Individual Strategic Objectives on which 2008 Short-Term Annual Incentive Awards were Based

Our four critical success factors — cost effective operations, profitable growth, excellence in customer service, and developing our people — included the following components, which were included in business unit objectives: implementing workforce planning initiatives; effectively addressing new regulatory, legislative, and environmental requirements and anticipating future needs; focusing on safety and employee wellness; ensuring the security of our people, assets and operations; maintaining focus on cost control and business efficiency; implementing generation expansion plans to meet future growth requirements; pursuing energy efficiency and demand side management initiatives that are cost effective and assist our customers in controlling their energy costs; developing comprehensive facility plans that address long-term needs for transmission, distribution and customer service locations; and focusing on excellence in customer service, including providing reliable service at reasonable rates.

The individual strategic objectives the Human Resources Committee considered with respect to one or more of our critical success factors in determining short-term incentive awards for the Named Executive Officers were as follows:

Mr. Timmerman’s award was based on his contributions and his leadership of other senior executives in achieving our overall corporate strategic plan objectives.

Mr. Addison’s award was based on his successful efforts toward increasing the visibility of SCANA in the financial community; monitoring ever changing and adverse financial markets and obtaining external financing or refinancing on favorable terms; maintaining financial reporting compliance processes and procedures that meet the requirements of the Sarbanes-Oxley Act; and leadership-level participation in regulatory decisions and strategy for 2008.

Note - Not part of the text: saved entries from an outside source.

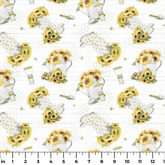 Spring Creative Sunflower Garden Signs 100% Cotton By the Yard Novelty
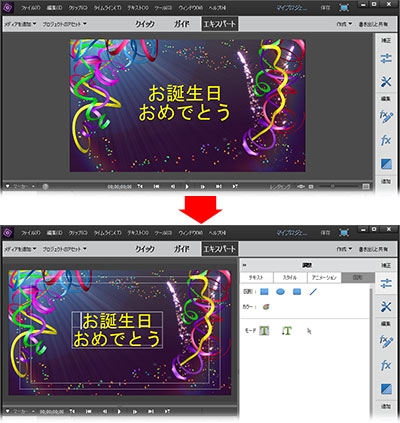 Premiere Elements でタイトル文字や字幕を追加すると、文字のスタイルなどはあらかじめ指定されていますが、これを自由に変更することができます。たくさんのスタイルが用意されているので、好みのデザインに変えてみましょう。
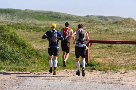 På vejen tilbage løb vi det meste af tiden alene. I starten mødte vi selvfølgelig de 50 og 100M løbere der ikke var kommet til Bulbjerg endnu. Jeg begyndte at synes det var underligt at vi ikke havde mødt Tomas Pilsborg endnu, trods det at jeg viste at han ville løbe i roligere tempo end os. Men så dukkede der en silhuet op i det fjerne der lignede Tomas. Vi mødtes og den var god nok, Tomas havde haft en lang og varm dag på stranden og i klitterne. Han lignede en der var kørt langsomt rundt over gløderne og var godt ristet. Han snakkede om at stoppe ved Bulbjerg, men tænkte han kom på bedre tanker. Men Tomas dag endte på toppen af Bulbjerg ligesom mange andre stærke mænd den dag.
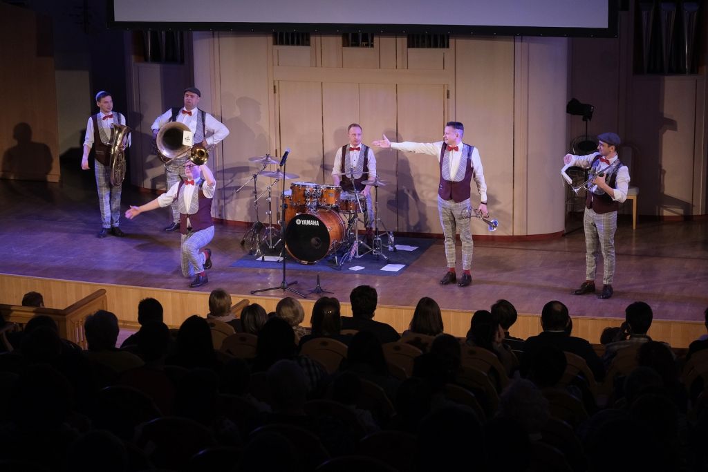 Исполнители: Российский эстрадно-джазовый ансамбль медных духовых инструментов Фортуна брасс В программе популярные произведения из репертуаров самых известных эстрадных джазовых оркестров Леонида Утёсова, Эдди Рознера, Олега Лундстрема; мелодии из отечественного и мирового кино (композиции из фильмов «Весёлые ребята», «Джентльмены удачи», «Операция Ы», «Ва Банк» и других); произведения Манчини, Рота, Миллера, Армстронга в авторских обработках для ансамбля медных духовых инструментов. С яркой, фееричной, зажигательной программой «Весёлые Ребята» выступит российский эстрадно-джазовый ансамбль «Фортуна Брасс» из Москвы. Броское название «Фортуна Брасс» расшифровывается как «удачная медь», ведь в составе группы — медные духовые инструменты, дополненные ударной секцией. Перед зрителями предстанет медное разнообразие тембровых оттенков: труба, флюгельгорн, эуфониум, тромбон, геликон-туба. Имея в своём репертуаре более 300 произведений, «Фортуна Брасс» с легкостью справляется с любыми музыкальными задачами на высочайшем профессиональном уровне. Коллектив ведёт большую работу по популяризации медной духовой музыки. C начала своего существования ансамбль дал более 2000 сольных концертов в России, странах Европы, СНГ и дальнего зарубежья. Выпущено два альбома: «Музыка советского кино» и «Мы из Брасса». На своих концертах музыканты «Фортуны Брасс» стараются доказать, что нет более величественного и естественного живого звучания, чем звуки медных труб. И им это удаётся! Про своё творчество они говорят так: «Мы играем и шутим на трубах, потому что смех и музыка — лучшие лекарства для души!»
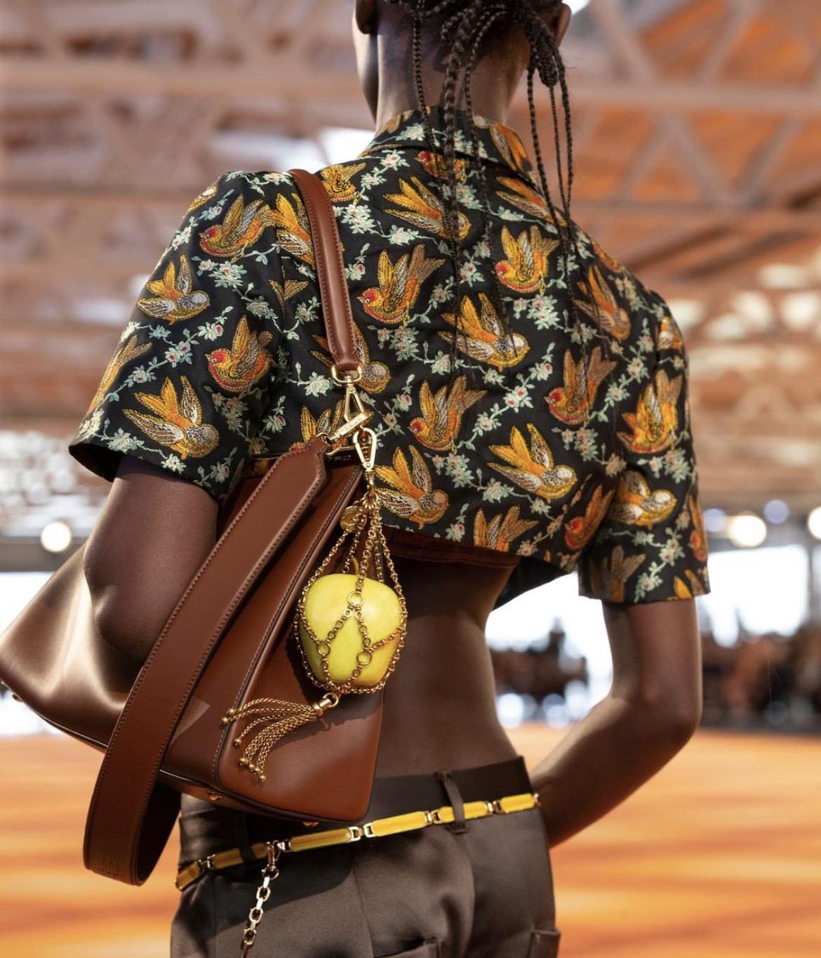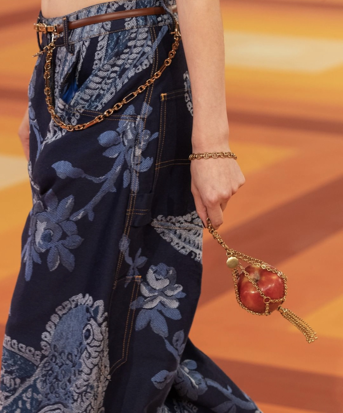 «Одно яблоко в день – и врач не нужен» - поговорка, которая знакома каждому из нас с детства. Кажется, что Марко особенно верен ей - он представил золотую сумку для яблок. Аксессуар повседневным, конечно, не назовёшь. Остается лишь гадать, что хотел сказать нам дизайнер. Ведь яблоко символизирует как созидание, так и искушение с искуплением.
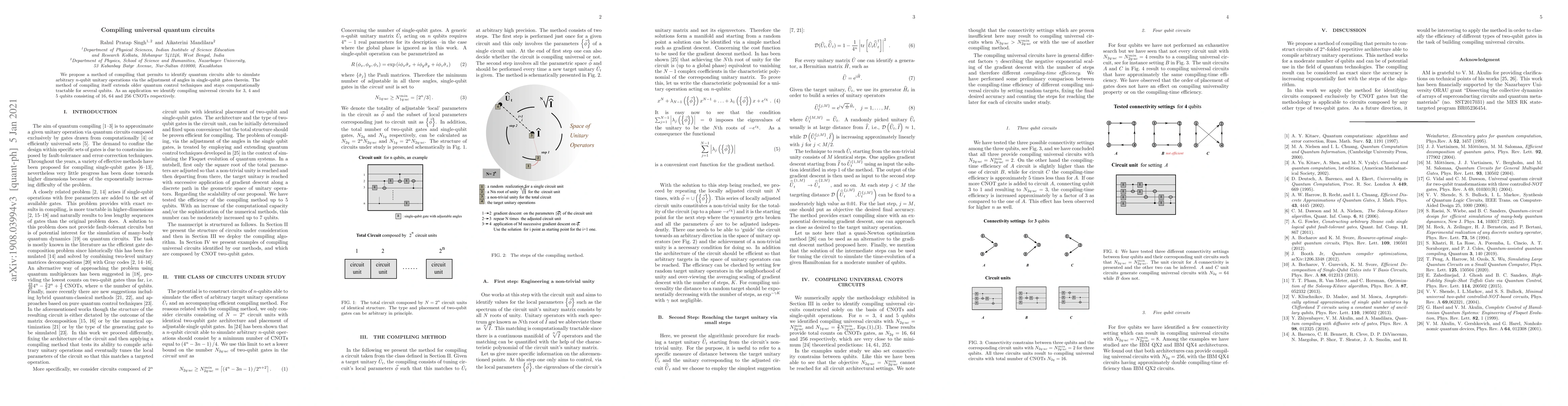 We propose a method of compiling that permits to identify quantum circuits able to simulate arbitrary $n$-qubit unitary operations via the adjustment of angles in single-qubit gates therein. The method of compiling itself extends older quantum control techniques and stays computationally tractable for several qubits. As an application we identify compiling universal circuits for $3$, $4$ and $5$ qubits consisting of $16$, $64$ and $ 256$ CNOTs respectively.
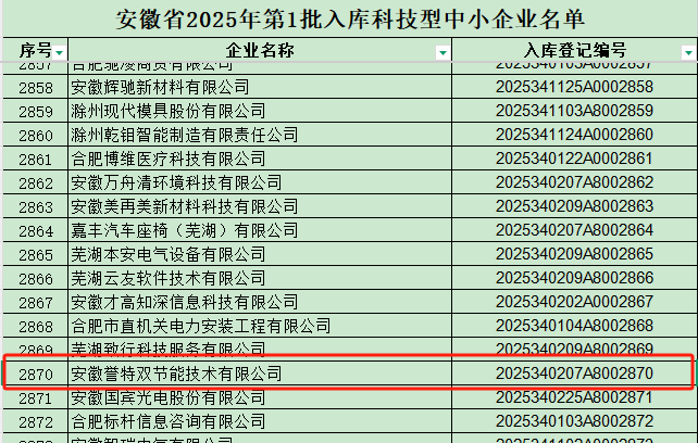 近日,安徽省科學技術廳公布了2025年第一批入庫科技型中小企業(yè)名單,安徽譽特雙節(jié)能技術有限公司憑借其在節(jié)能技術領域的突出創(chuàng)新實力和豐富的技術積累,入選科技型中小企業(yè)庫,成為安徽省科技創(chuàng)新主力軍中的一員。

Mr. Marsh’s award was based on his progress toward creating a customer service task force to review current customer service systems and programs and identify new initiatives; development and implementation of a program to monitor spending and timing of significant capital projects; achievement of a lower accident frequency rate at the Company; completion of the Company’s generation capacity plans;  leadership-level participation in regulatory decisions and strategy;  and oversight of our implementation of North American Electric Reliability Council and Electric Reliability Organization reliability standards.

Mr. Byrne’s award was based on his reduction of the accident frequency rates at various generation facilities; completion of a selective catalytic reduction project at one of our generation facilities; timely submission of a Combined Operating License Application for our planned new nuclear facility; and implementation of a self-assessment review program at our VC Summer Nuclear Plant.

Mr. Mood’s award was based on the development and provision of additional training to company employees on regulatory and environmental matters to ensure compliance and appropriate reporting of potential concerns; ensuring we have internal expertise in legal, regulatory, environmental and corporate governance departments; and his leadership level participation in regulatory, legal and environmental decisions and strategies to ensure cost effective operations and excellence in customer service.

Discretionary Bonus Award

Our Chief Executive Officer also recommended to the Human Resources Committee a 20% of target discretionary bonus award for our senior executive officers, as well as other eligible participants in the Plan, and both the Human Resources Committee and the Board approved the discretionary payout. The discretionary bonus award was based on the following important accomplishments by our Company:

 
·  
Executing an industry leading contract for construction of new nuclear generation facilities and the related regulatory filings at the state and federal level;

·  
Obtaining approval from the Public Service Commission of South Carolina for siting and construction of the nuclear plants under the Base Load Review Act;

·  
Having three coal fired generation facilities listed among the twenty most efficient in the United States;

·  
Having the V. C. Summer Nuclear Plant ranked by an independent rating agency as third in the nation in capacity factor achieved;

·  
Responding early in 2008 to the emerging liquidity crisis and economic decline, and maintaining financial integrity and results of operations in 2008;

·  
Prudent management of costs in a difficult economy to ensure earnings guidance was achieved while still maintaining safe and reliable operations;

·  
Having retail gas operations in South Carolina score well in our region, and nationally, in the J. D. Power Customer Satisfaction Report;

·  
Having SCANA’s common stock decline only 16% compared with a decline of 26% for our peer group, and a decline of 34% for the Dow Jones Industrial Average;

·  
Being included in the S&P 500 Index; and

·  
Having our long-term credit ratings reaffirmed in 2008.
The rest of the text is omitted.